▶ **Problem**
Copy exactly the stretch of data below from the line with "Pink Color Kurta" through the line with "As we continue", including both of those lines.

▶ **Data for this task**
---+---

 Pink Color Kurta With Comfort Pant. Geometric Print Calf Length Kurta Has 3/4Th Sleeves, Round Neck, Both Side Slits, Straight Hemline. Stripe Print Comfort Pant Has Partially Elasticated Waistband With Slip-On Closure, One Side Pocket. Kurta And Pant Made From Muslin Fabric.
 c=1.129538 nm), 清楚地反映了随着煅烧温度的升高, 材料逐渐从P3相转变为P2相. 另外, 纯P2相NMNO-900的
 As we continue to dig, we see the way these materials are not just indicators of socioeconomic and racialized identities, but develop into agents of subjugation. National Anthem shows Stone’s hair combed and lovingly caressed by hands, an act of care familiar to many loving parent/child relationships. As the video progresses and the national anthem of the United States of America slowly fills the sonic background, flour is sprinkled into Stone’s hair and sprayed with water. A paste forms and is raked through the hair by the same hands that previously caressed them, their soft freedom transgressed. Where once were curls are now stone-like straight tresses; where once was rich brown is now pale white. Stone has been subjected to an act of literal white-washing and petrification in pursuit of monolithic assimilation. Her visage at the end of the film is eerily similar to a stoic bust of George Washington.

---+---

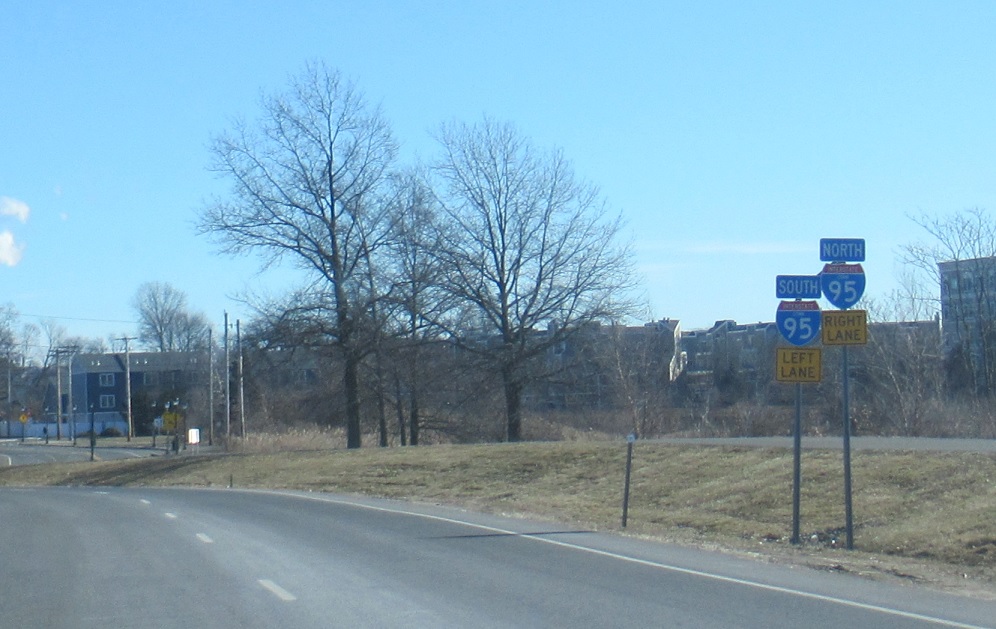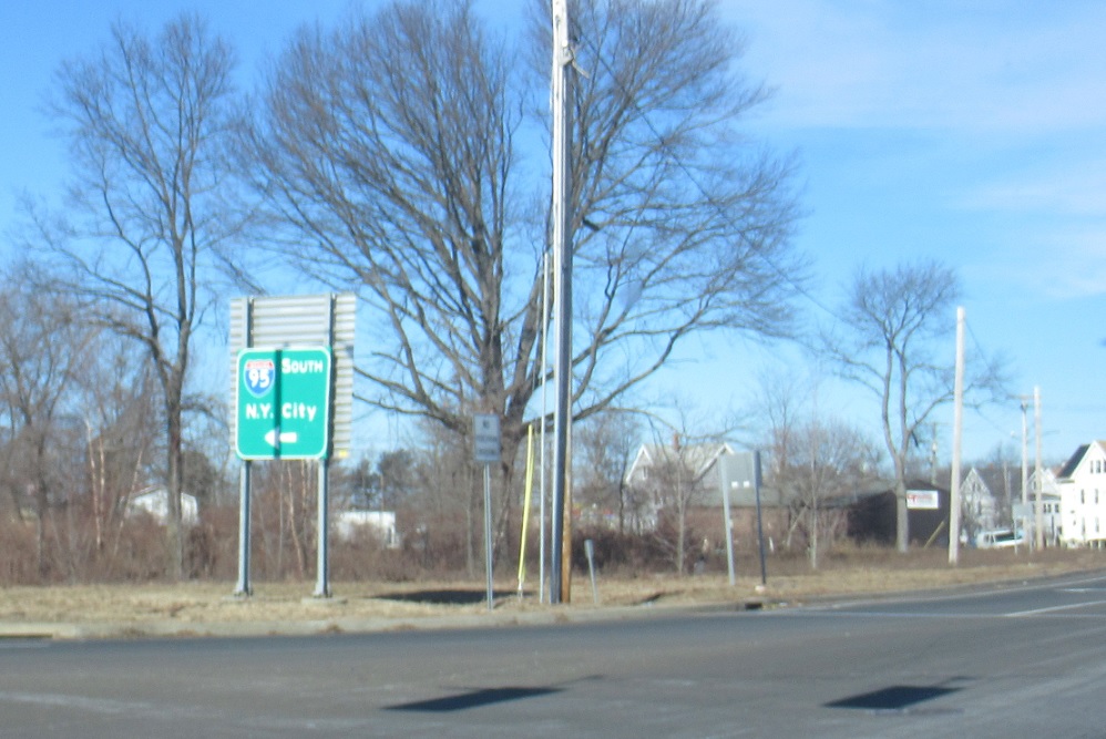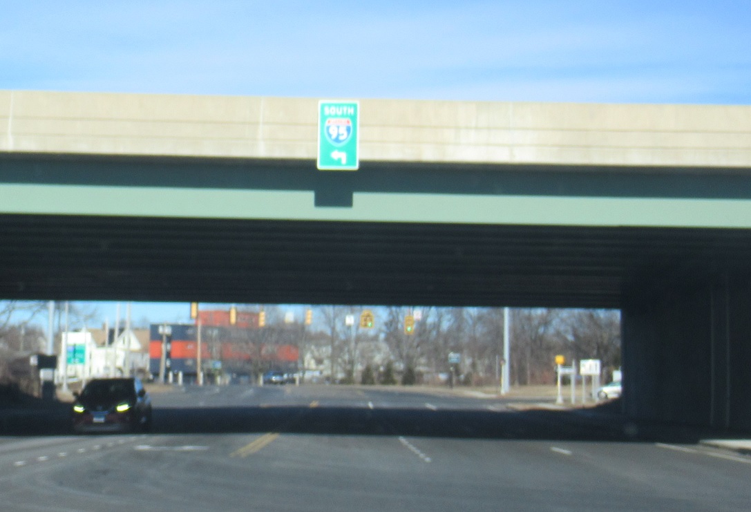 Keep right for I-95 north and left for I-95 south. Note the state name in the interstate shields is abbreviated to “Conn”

---+---

▶ **Task output**
 Pink Color Kurta With Comfort Pant. Geometric Print Calf Length Kurta Has 3/4Th Sleeves, Round Neck, Both Side Slits, Straight Hemline. Stripe Print Comfort Pant Has Partially Elasticated Waistband With Slip-On Closure, One Side Pocket. Kurta And Pant Made From Muslin Fabric.
 c=1.129538 nm), 清楚地反映了随着煅烧温度的升高, 材料逐渐从P3相转变为P2相. 另外, 纯P2相NMNO-900的
 As we continue to dig, we see the way these materials are not just indicators of socioeconomic and racialized identities, but develop into agents of subjugation. National Anthem shows Stone’s hair combed and lovingly caressed by hands, an act of care familiar to many loving parent/child relationships. As the video progresses and the national anthem of the United States of America slowly fills the sonic background, flour is sprinkled into Stone’s hair and sprayed with water. A paste forms and is raked through the hair by the same hands that previously caressed them, their soft freedom transgressed. Where once were curls are now stone-like straight tresses; where once was rich brown is now pale white. Stone has been subjected to an act of literal white-washing and petrification in pursuit of monolithic assimilation. Her visage at the end of the film is eerily similar to a stoic bust of George Washington.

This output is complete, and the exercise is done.